# Penis question



## HiTideGoldens (Dec 29, 2009)

The title of this thread made me laugh. Yes, trim it. Male Goldens tend to need "manscaping" 


Sent from Petguide.com Free App


----------



## Shellbug (Nov 14, 2013)

Lol I do waxing at work but I don't take the manzillions lol 

Oh good!!! I have been meaning to post this for a while. Glad I can trim him up when I get home ?


Sent from Petguide.com Free App


----------



## Belle's Mom (Jan 24, 2007)

"Manscaping" ----- that is hilarious!!


----------



## pb2b (Nov 8, 2013)

I showed this thread to my husband, who promptly replied, "That's your job." Ha.Yeah, I kind of figured.


Sent from Petguide.com Free App


----------



## ShadowGolden (Sep 4, 2012)

Shadow gets "manscaping" on that part of the undercarriage - though we do keep a "privacy drape" on the tummy hair to hide his private area. A groomer cut it all off once without asking and Shadow was flashing everyone until it grew back.


----------



## Loisiana (Jul 29, 2009)

Of the four boys I've had, two had to be kept trimmed and two didn't


----------



## GoldenCamper (Dec 21, 2009)

Oh for goodness sake leave the hair on the boys little red rocket alone. They do a fine job of taking care of their boy parts.


----------



## Barkr (Dec 23, 2011)

Great Thread Title. .......I have a female and I just had to look. LOL


----------



## Shellbug (Nov 14, 2013)

GoldenCamper said:


> Oh for goodness sake leave the hair on the boys little red rocket alone. They do a fine job of taking care of their boy parts.

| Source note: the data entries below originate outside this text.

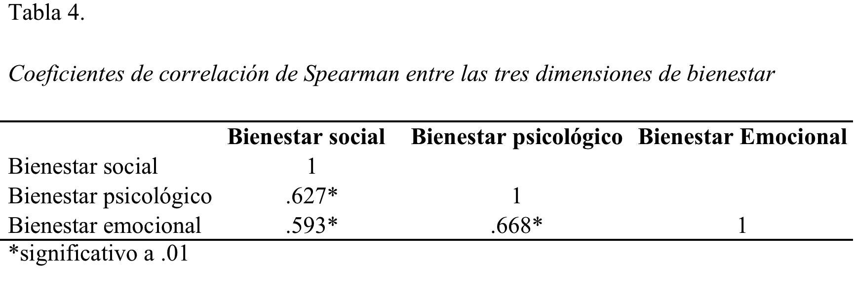 Se calcula el coeficiente de correlación de Spearman entre las 3 dimensiones de bienestar cuyos resultados se presentan en la tabla 4.
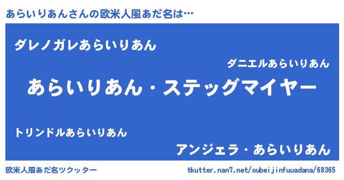 | ヘコむあだ名 | 『あらいりあん(笑)』『あらふぇ~』 |
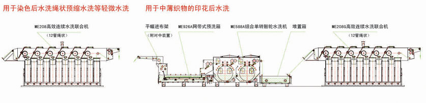 可以滿足各類織物(全棉、棉氨、化纖、絨類等克重范圍80-600GSM)的各種水洗工藝,尤其在染色后和印花后水洗工藝中大大節(jié)約了水和蒸汽等各項能耗成本,同時以優(yōu)質的設備結構和設計原理,提高了織物水洗品質,給客戶參與市場競爭提供強有力的支持。
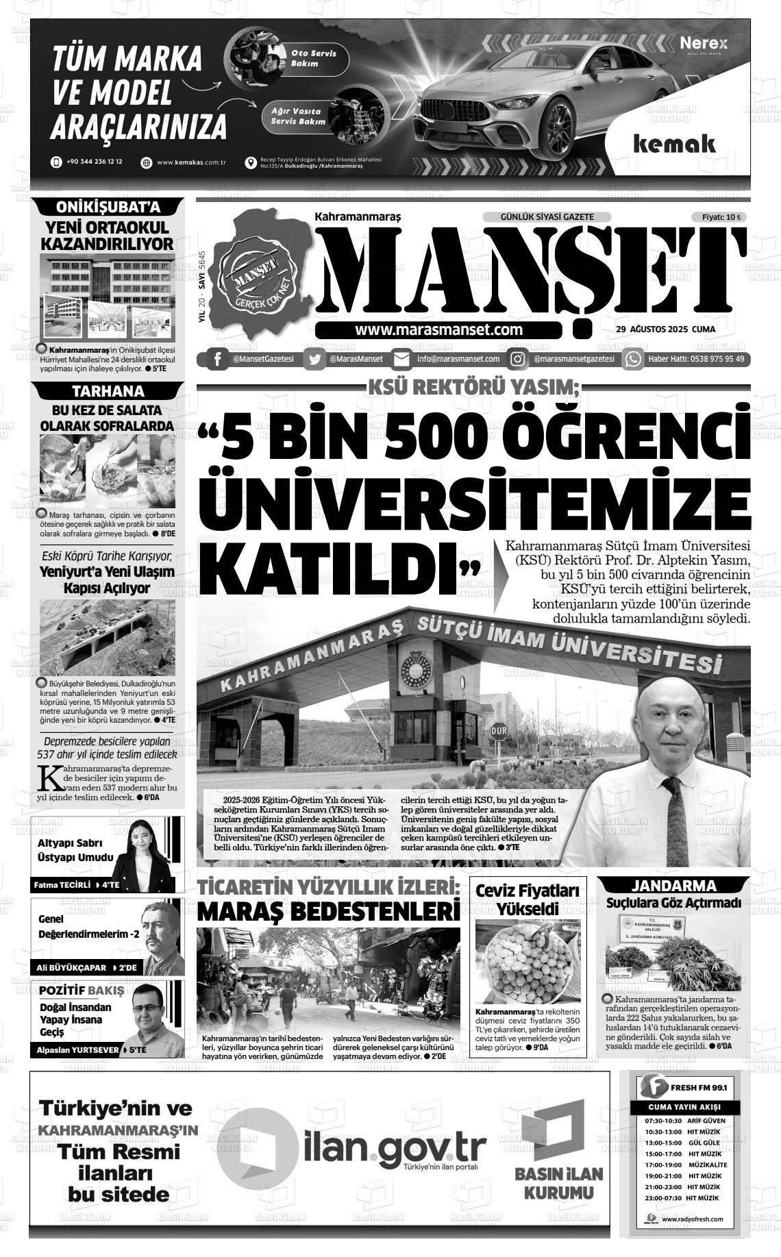 KAHRAMANMARAŞ MANŞET
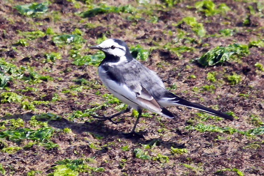 一昨日の鳥見の帰りに寄り道した川の河口で4羽のハクセキレイに出会いました。通常はハクセキレイにカメラを向ける事はほとんどないのですが、その河口には他に鳥がいなかったので魔が差した様に向けてしまいました。と云うのは4羽の内の1羽の顔が白っぽく感じたので、ひょっとしたらホオジロハクセキレイかも? と思ったからです。しかし、ファインダーを覗くと過眼線があったので、「あ〜、やっぱり並のハクセキレイか〜〜!」 と思って帰ろうとしました。

But he doesn't lol. He gets really dirty and I have to clean it. Ehhh it's not about vanity. It's about him laying on me with dirty penis fur lol!!! 


Sent from Petguide.com Free App


----------



## cgriffin (Nov 30, 2011)

LOL, the title made me laugh 

So, of all my dogs, Ben is the only one that has long prepuce hair and he gets gunky around there and urine streaks along the sides of his inner thighs. I asked the vet about it this past week when Ben had his last vaccinations. The vet said: the hair is extremely long and he will trim it and we shall see if Ben stays cleaner. My vet is a guy, LOL. Anyway, he trimmed the hair, it is better now, not as gunky. 

This was the first for me, hahaha.


----------



## Ninde'Gold (Oct 21, 2006)

Bahahaha. This thread is great.

Tucker had that as a puppy but as he hit puberty he got fur where he never had fur before and now it looks normal :lol:


----------



## Shellbug (Nov 14, 2013)

Ninde'Gold said:


> Bahahaha. This thread is great.
> 
> Tucker had that as a puppy but as he hit puberty he got fur where he never had fur before and now it looks normal :lol:



Haha well let's see where Thor gets fur as me matures 


Sent from Petguide.com Free App


----------



## DanaRuns (Sep 29, 2012)

Ya know, the girls have hoo-hah hair too. Just sayin'.

I agree that the boys usually take very good care of that area. Sometimes I want to say, "What in the world could be so dirty that you have to lick it for 20 minutes!?"


----------



## CharlieBear80 (Oct 13, 2013)

Charlie was a long haired GSD and I always had to keep his winkie hair trimmed. Huck is a short haired GSD and his has never been an issue. Will's, so far, I have trimmed, because it gets wet and doesn't dry and that bugs me. We'll see what happens as he grows, but I have no issue with keeping him manscaped if needed.


----------



## Megora (Jun 7, 2010)

Are you guys talking about the abnormally long hairs that puppies have? You can snip those back. They serve no purpose that I can think of and would get caked with urine gunk and bacteria. 

Trimming the actual hair around the boy parts though - nope. I see no point in giving these guys sanitary trims.  Especially if you have more than one dog. They generally have mutual grooming sessions to take of that. The rest comes off when you brush them.


----------



## CharlieBear80 (Oct 13, 2013)

Megora said:


> Are you guys talking about the abnormally long hairs that puppies have? You can snip those back. They serve no purpose that I can think of and would get caked with urine gunk and bacteria.
> 
> Trimming the actual hair around the boy parts though - nope. I see no point in giving these guys sanitary trims.  Especially if you have more than one dog. They generally have mutual grooming sessions to take of that. The rest comes off when you brush them.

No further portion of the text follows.